Same with movies about other performers -- singers, pianists, composers,
dancers. It can be interesting and even exciting to watch an actor playing
Mozart
as he composes his own "Requiem", but the moment does not quite provide drama.
The central events in drama must be acts of observable choice where we grasp
alterntive possibilities, why the character chooses the way he does. In the
movie "Breaking Away", though the key event is merely a bicycle race, we do see
our hero DECIDE: After he is thrown to the ground and his bike smashed near
the end, he can either quit, or show grit, get up, find another bike, and keep
going. So that movie provides tension, excitement, and decision, and even an
element of finality -- his victory rounds off his quest in the movie. In
"Chariots of Fire", we see a similar moment early in the film: Eric Liddell,
running a one-lap race, is tripped and he tumbles to the ground. But we see his
determination as he makes himself get up and chase the now-far-ahead other
runners. He catches them; he wins. Finality to that moment. (In the final races
of
"Chariots", we certainly get tension and excitement and finality -- but no
naked
deliberation: Liddell and Abrahams simply run faster than the other guys.

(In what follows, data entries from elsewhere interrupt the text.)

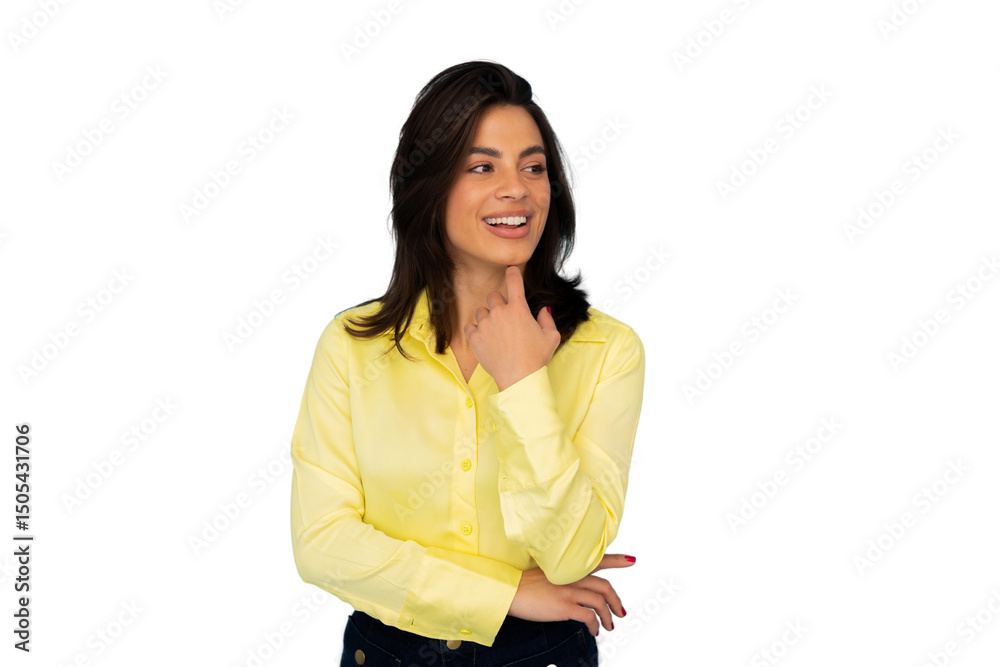 Studio portrait of a businesswoman having a new idea touching her chin, isolated on transparent background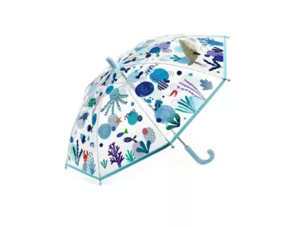 Découvrez le petit parapluie Mer de Djeco, un magnifique parapluie illustré en plastique transparent pour égayer les jours de pluie pour les enfants dès 3 ans. C’est parti pour une balade en mer sous la pluie!
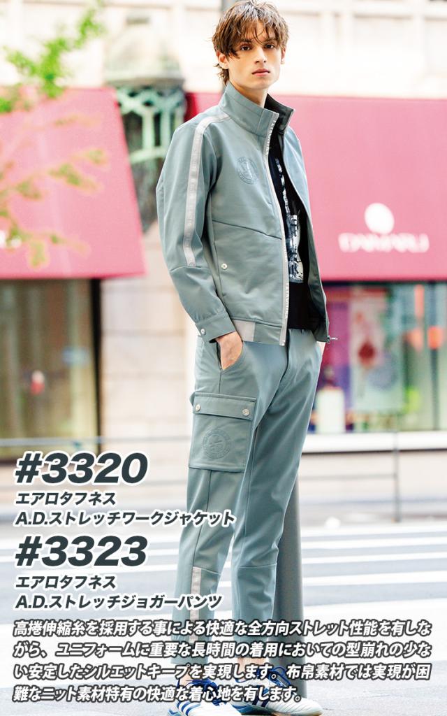 アイズフロンティア 2025年 秋冬 新商品 エアロタフネスA.D.ストレッチワークジャケット ジョガーパンツ 上下セット 3320-3323 ニット素材 通気性 シンプル スタイリッシュ ユニフォーム オールシーズン 定番 作業着 作業服 I’Z FRONTIER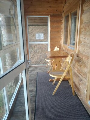 Терраса также оборудована столом и лавками, а также мангалом, что позволяет гостям наслаждаться свежим воздухом и приготовить еду на открытом огне.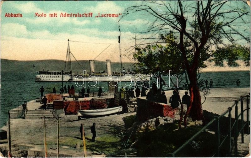 Leírás: Abbazia, Opatija; Molo mit Admiralschiff Lacroma. K.u.K. Kriegsmarine / SMS Lacroma (Ex-Tiger) osztrák-magyar haditengerészet yachtja (ex-Panther-osztályú torpedócirkálója)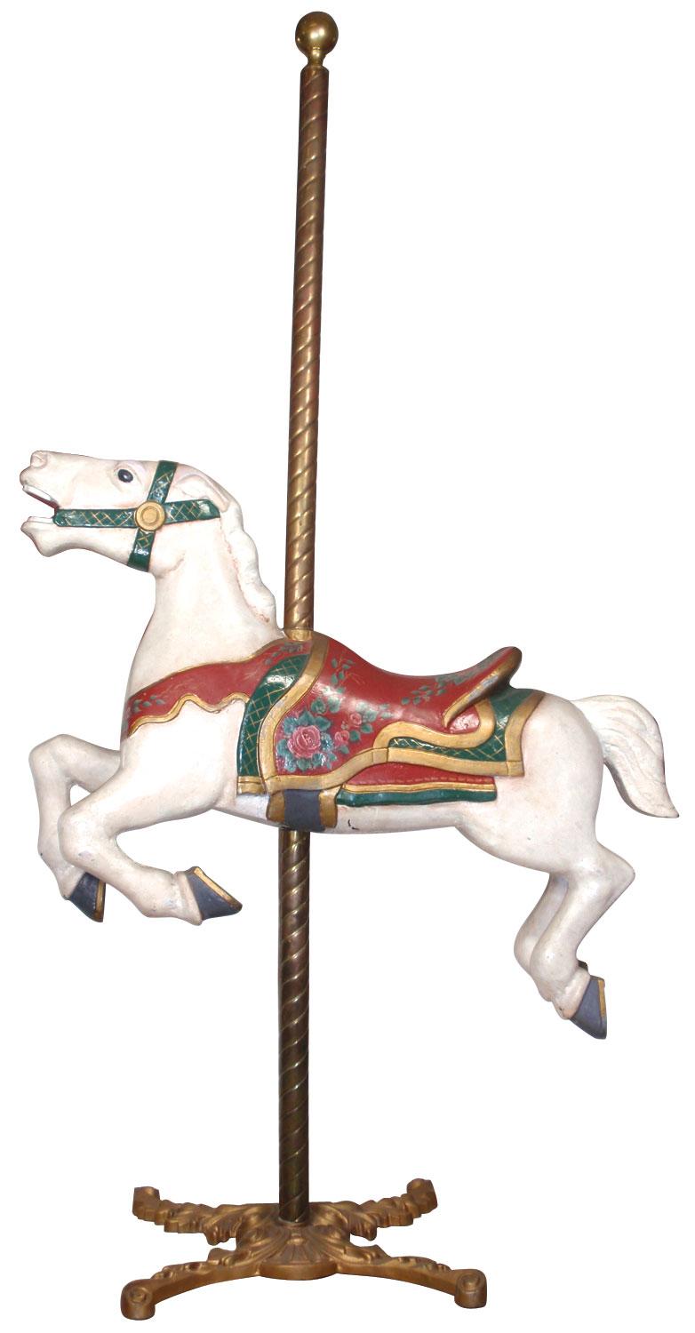 Carousel horse, Herschell Spillman painted cast aluminum jumper from the Balboa Fun Zone at Newport Beach, one of the last horses made at the Herschell Spillman factory, c.1950's, fully restored in off-white powder coat w/detailed oil finish, mounted on a 2" spiral brass pole & deluxe cast base, Exc cond, 66"H x 44"L x 9"W.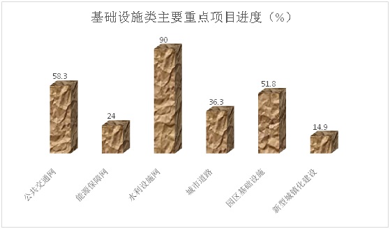 2、公共交通、水利、园区三类基础设施项目进展较快。上半年,全市公共交通网重点项目10个,完成投资额14.8亿元,占年度计划的58.3%;水利基础设施重点项目1个,完成投资额1.6亿元,占年度计划的90%;园区基础设施重点项目22个,完成投资额46.5亿元,占年度计划的51.8%。以上三类分别高于基础设施类项目平均进度23.1、54.8和16.6个百分点。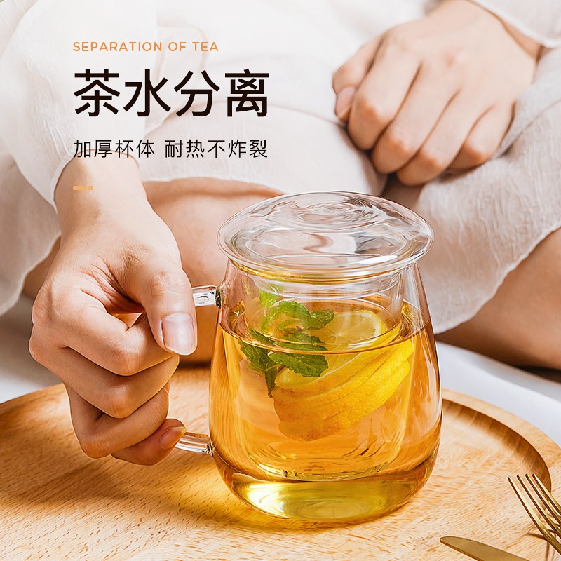 物生物玻璃杯茶j水分离泡茶杯女办公室花茶杯家用透明带盖杯子男
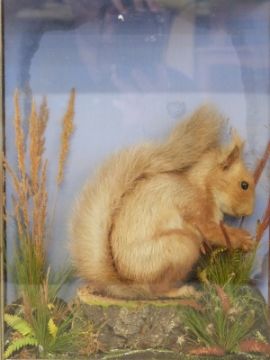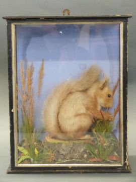 A cased taxidermy study of a red squirrel, 36cm x 26cm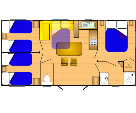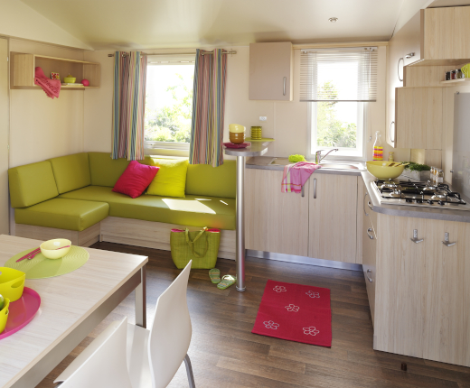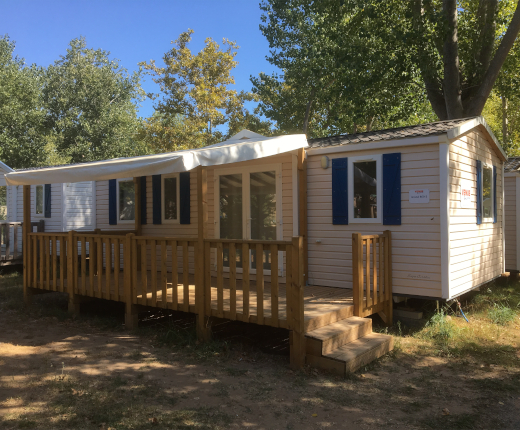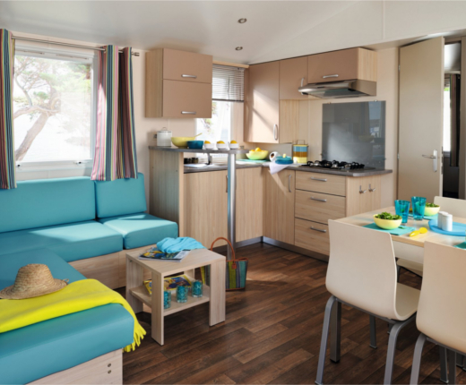 Geniessen Sie all die Vorzüge eines Campingurlaubs mit dem zusätzlichen Komfort eines eigenen Badezimmers, Küche und offen angelegtem Wohnen. Alle unserer Mobilheime sind mit Holzterrassen ausgestattet, einige überdacht, und die meisten Mobilheime sind mit Klimaanlage ausgestattet.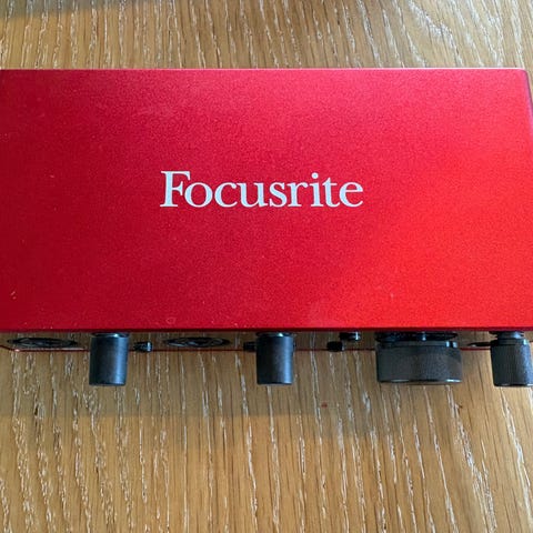 Pent brukt Focusrite Scarlett med dekkplasten fortsatt på både i front og bak.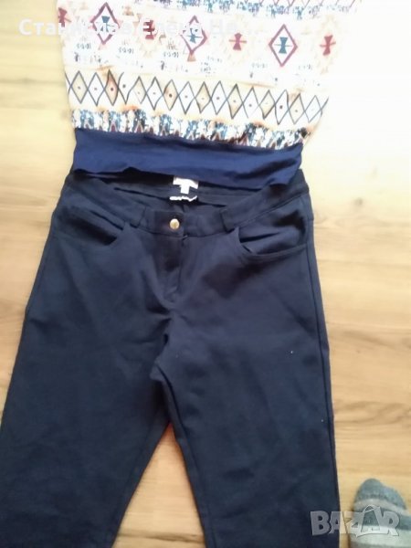 Дамски тъмносин клинпанталон, еластичен, фирма Майорал, размер 18. Бяла блузка на Юнона, размер С и шарена блузка с еластан, универсален размер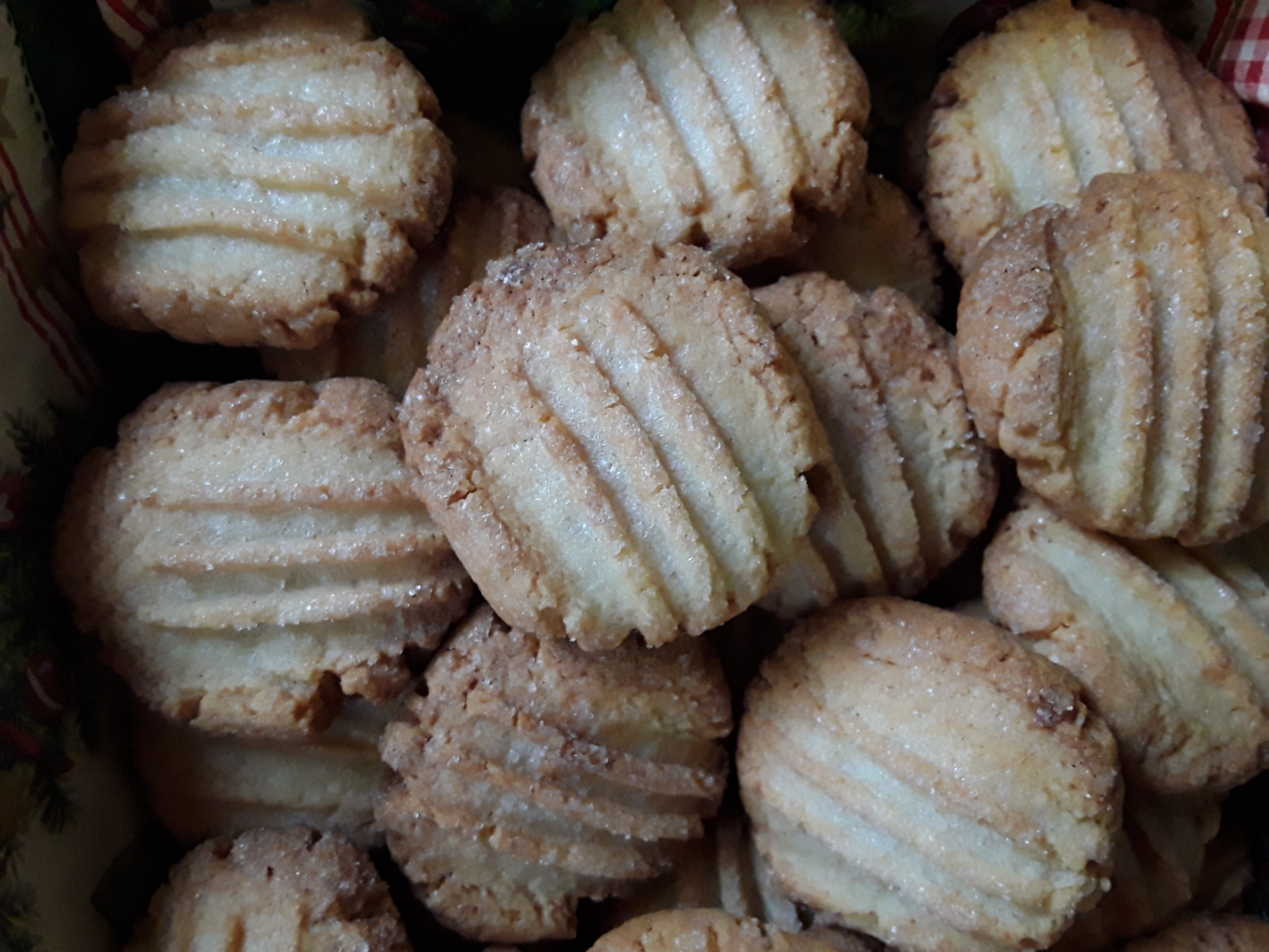 3. Vierta un poco de azúcar en un plato. Coja una cucharada de masa ( 15 gr ) , haga una bola y sumerga la mitad de la bola en el azúcar preparada, ponga la parte de arriba del azúcar hacia arriba y la aplasta con un tenedor para darle forma redonda de galleta. Asi sucesivamente con la masa restante y meta en el horno 15 minutos (180° ) . Deje enfriar sobre una rejilla antes de servir.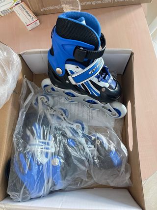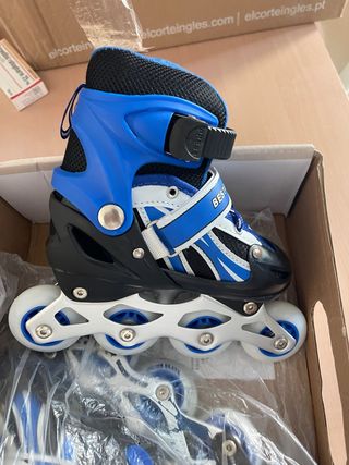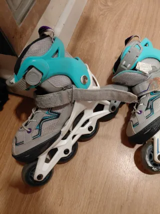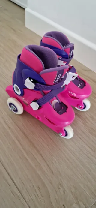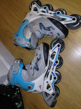 Patines en línea Oxelo, ideales para aprender y divertirse. Son ajustables para adaptarse al crecimiento. - Talla ajustable de la 34 a la 36. - Cierre de hebilla y velcro para un ajuste seguro. - Ruedas de poliuretano.
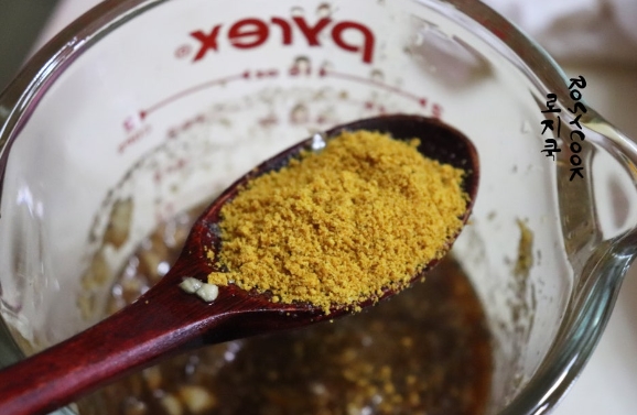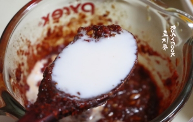 7. 고추장, 고춧가루, 우유를 넣어줍니다. 양념을 잘 섞어줍니다. 양념은 다 사용하지 않았습니다. 볶음밥을 볶을 때 양념 소스로 사용해도 좋습니다.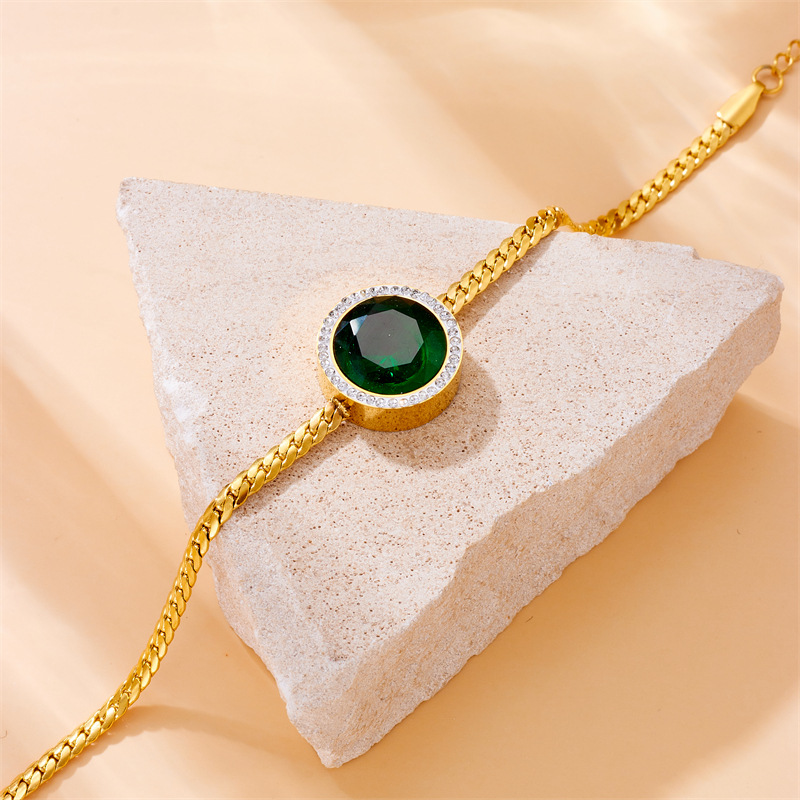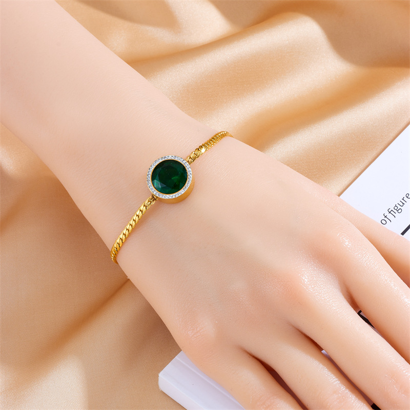 Home > New Arrival > Metal retro minimalist versatile gold-plated stainless steel round rhinestone woven braided chain bracelet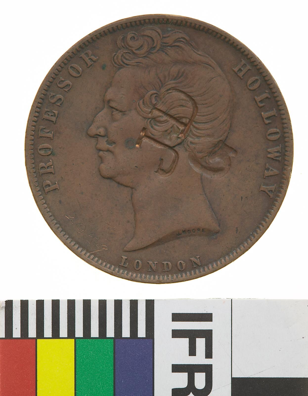 Head of Professor Holloway facing left with J. MOORE (the maker's name) incuse on neck truncation; around, PROFESSOR HOLLOWAY; below, LONDON, surcharged in two lines JD / G
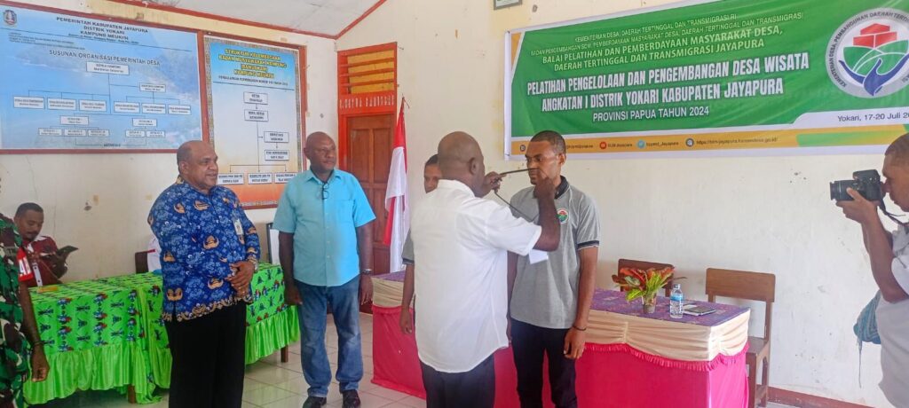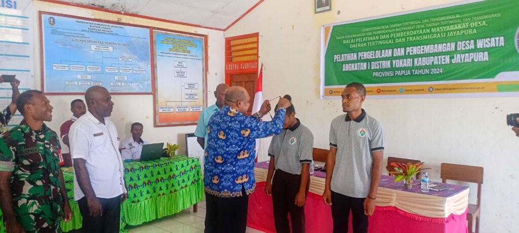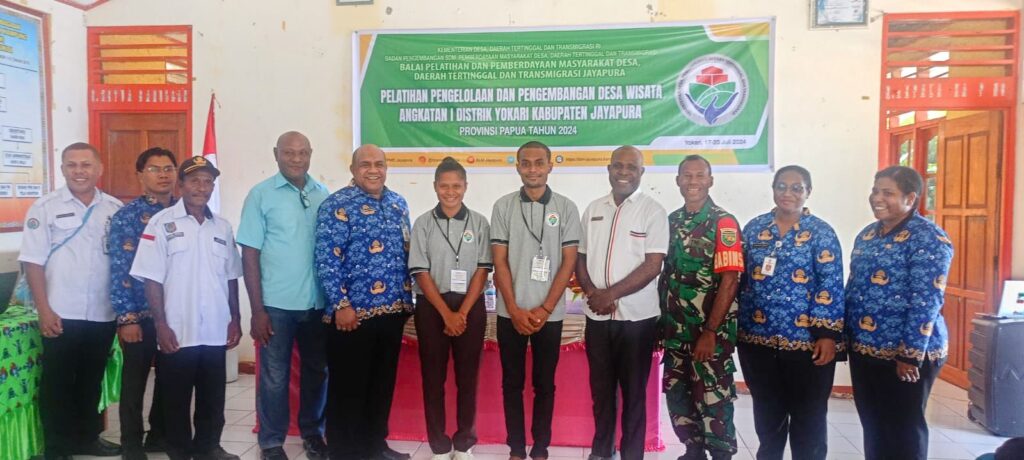 SENTANI, jayapurakab.go.id – Kementerian Desa Daerah Tertinggal dan Transmigrasi RI Badan Pengembangan Sumber Daya Manusia Pemberdayaan Masyarakat Desa daerah tertinggal dan transmigrasi melakukan Pelatihan Pengelolaan dan Pengembangan desa wisata angkatan 1 Distrik Yokari Kabupaten Jayapura, Provinsi Papua yang berlangsung dari tanggal 17 – 20 Juli 2024.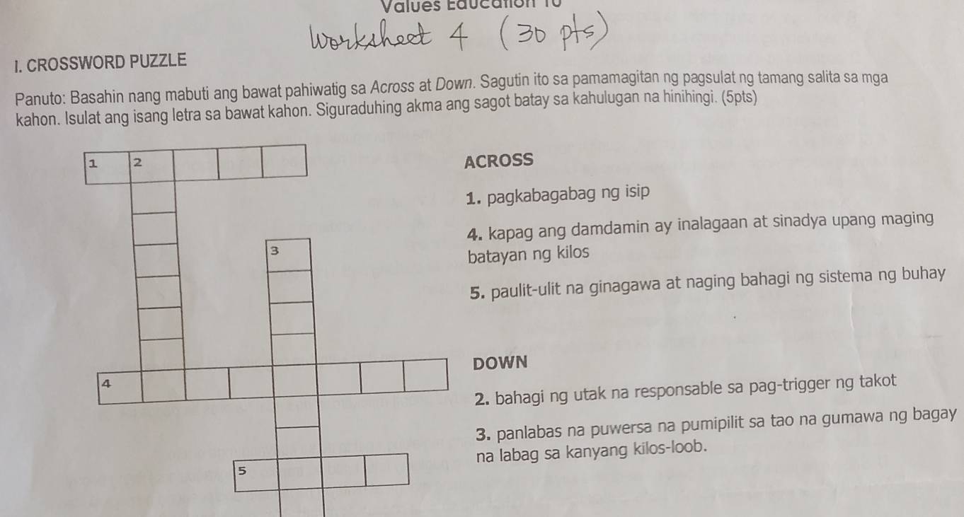 Solved: Values Éaucatión 1 CROSSWORD PUZZLE Panuto: Basahin nang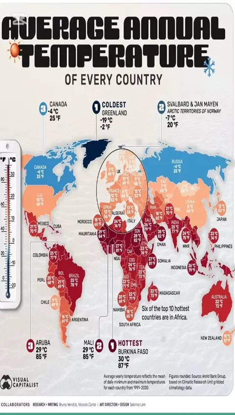 Temperatura media anual del aire por país Average annual air temperature by country CreatorRewards x PhysicalProducts x Tecnología x DigitalProducts x AITools x TechPlatforms #Tecnología #DatosClimáticos #ClimaGlobal #CambioClimático #TemperaturaMedia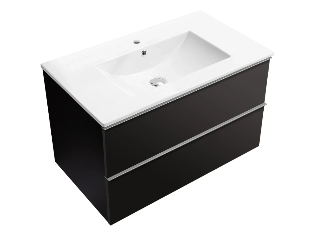 CERANO - Velora fürdőszobaszekrény - matt fekete, króm fogantyú + Todo kerámia mosdó - 81x55x46,5 cm

Nevertheless, even the combination of TENSION, EXCITEMENT, OBSERVABLE
DECISION, and FINALITY are not sufficient to warrant the honorific label "great
drama". Why not?
Because it has to be LIFE-ARC finality, and that's a good part of why
"Breaking Away" and "Chariots", gratifying though they are, are far from
"Oedipus",
"Death of a Salesman", and "A Streetcar Named Desire".
In addition to TENSION, EXCITEMENT, OBSERVABLE DECISION, AND LIFE-ARC
FINALITY, there is arguably a fifth element needed in great drama, and that's
what
I'll call GRAVITY. If a life is at stake, is that enough to satisfy this fifth
necessary element for great drama? Or does it have to be the life of a "GREAT
man/woman", as Aristotle suggests? It does not seem so to me. Neither Willy
Loman nor Blanche DeBois seems "great", but still "Death" and "Streetcar" feel
to
me like great tragic dramas.
As a playwright, I myself am an elitist in that I seem to want to write only
stories that have a very gifted character at the center. But I take that to be
neither a virtue nor a flaw in me -- simply a characteristic. It certainly
doesn't imply that my plays are thus assuredly "important", nor, say I, should
they be condemned solely because they neglect the "common" person.
A "nice" question is, can the death of a child ever be the stuff of tragic
drama? After all, for all we know the kid might have grown up to be a serial
killer. In other words, young children are too "indeterminate" -- even when
they are "the last of the royal line". My answer is yes: the death of a child
can be the stuff of tragedy, but the "tragic figure" cannot be the child -- it
would be the parent.
I haven't addressed here the question of "style".